By contrast, you need only 5 percent of the total vote in the most recent election for secretary of state to put a constitutional amendment on the ballot in Colorado. So the hurdle for amending our constitution at an election is considerably lower than the hurdle for holding an election for one board member in a water conservancy district.

One the petitions have been circulated and turned into the court, and the signatures survive the inevitable challenge by the conservancy district, the judge schedules an election.

Since the current state law concerning conservancy district elections took effect in 1996, there have been only three such elections. The first two were in 1999 and 2000 in the Upper Gunnison River Water Conservancy District, where the High Country Citizens Alliance has pledged to circulate petitions every time a term expires.

No Gunnison terms expired in 2001, so there were no elections there, but several terms did in the Upper Arkansas Water Conservancy District, which comprises Chaffee, Custer and western Frémont counties. A group called Citizens for Water Integrity circulated petitions last winter for an election for one seat -- the division with the same boundaries as the Buena Vista school district.

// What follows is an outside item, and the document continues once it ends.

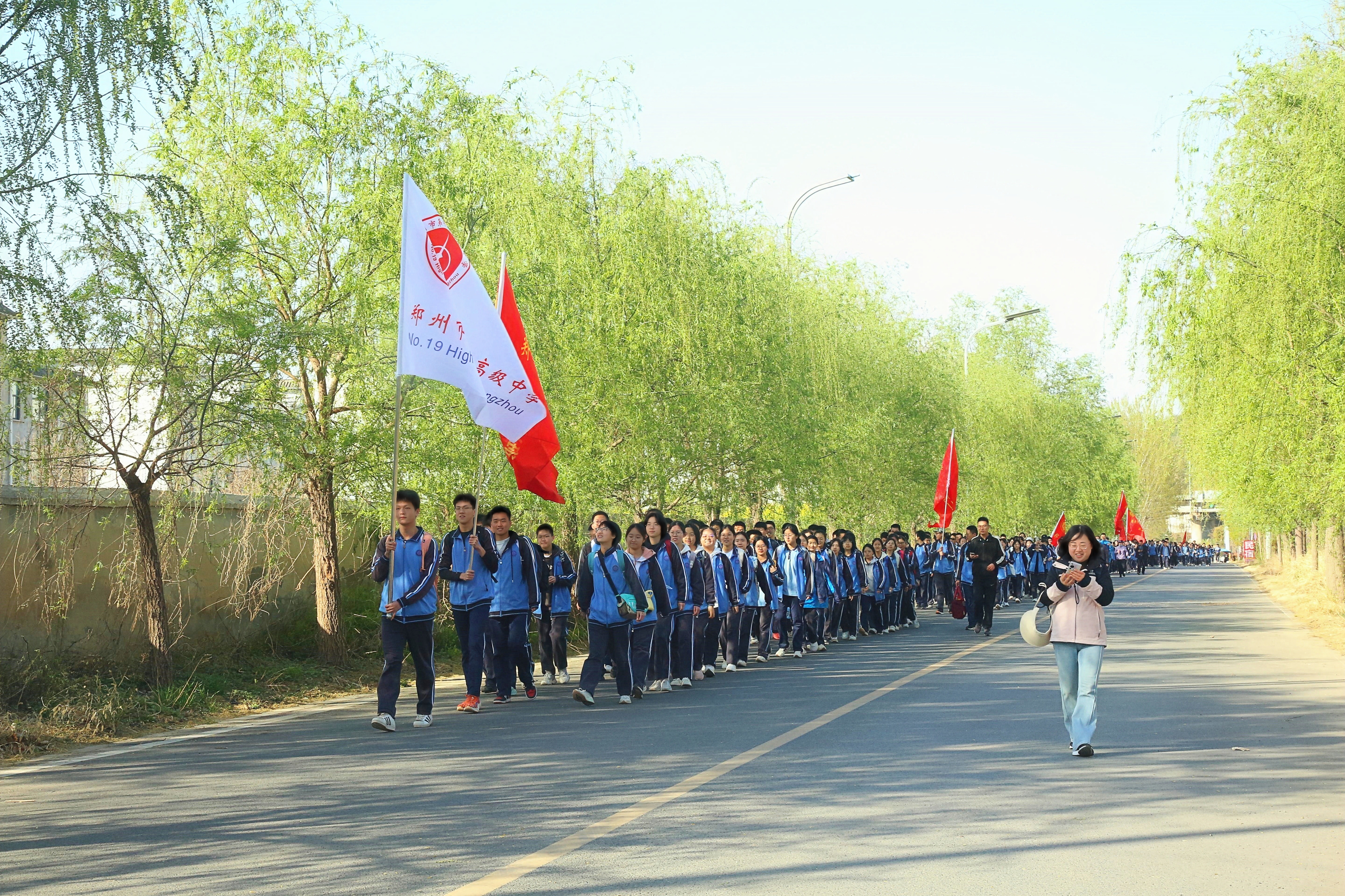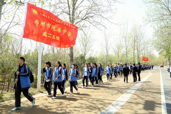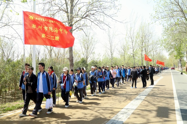 清晨7:10,陇海校区、工大校区学生身着整齐校服,在运动场以班级为单位组成两路纵队。陇海校区政教处副主任程宝义、工大校区教育教学负责人于潇展分别强调安全纪律,鼓励学生坚定信心,保持恒心和爱心,勇于挑战自我。随后,师生乘车前往江山路黄孚路公交站后,正式开启徒步征程。队伍沿黄河观光路行进,春日暖阳下,师生共赏两岸新绿,用脚步丈量黄河沿岸的生态之美,蓝色校服成为春日画卷中跃动的风景线。本次远足单程15公里,既是对体能的考验,更是对团队凝聚力的深度检验。

The resulting election was Tuesday. Incumbent Gary Merrifield chose not to seek another term. The contest was between Jeff Ollinger, who campaigned for better cooperation between the district and the municipalities, and Lloyd Johnson, who wanted to continue current policies and who implied that Ollinger was a tool of evil Front Range special interests with a no-growth agenda for Chaffee County.

So, two candidates with different views campaigned, and the voters picked one, giving Ollinger 456 of the 791 ballots that were cast. That's how things are supposed to work in America, isn't it?

But it seldom works this way in Colorado, where the legislature continues to make it very difficult to hold a water conservancy district election, despite the persistent efforts of small-d democratic activists like Jeanne Englert of Lafayette and Richard Hamilton of Fairplay.

Occasionally they persuade a legislator to carry a bill that eliminates the taxation without representation aspect of our water conservancy districts by making all seats subject to election, but the water buffaloes always arrange for its demise.

Apparently we voters aren't competent to make decisions about water. We can elect the school boards that direct the education of our children, and we can elect the legislators who write the laws.

But when it comes to something really important, like water, we Coloradans are just too stupid to elect the right people -- unless we go to a lot of trouble to circulate petitions for each term for each seat.

That trouble extends to the conservancy districts, which rightly claim that some provisions of the current law are vague and others cause needless costs. For example, director terms are now based on the date the district was organized with the court, and so elections may have to be held in June or July, rather than with the general elections in November or the other special-district elections in May.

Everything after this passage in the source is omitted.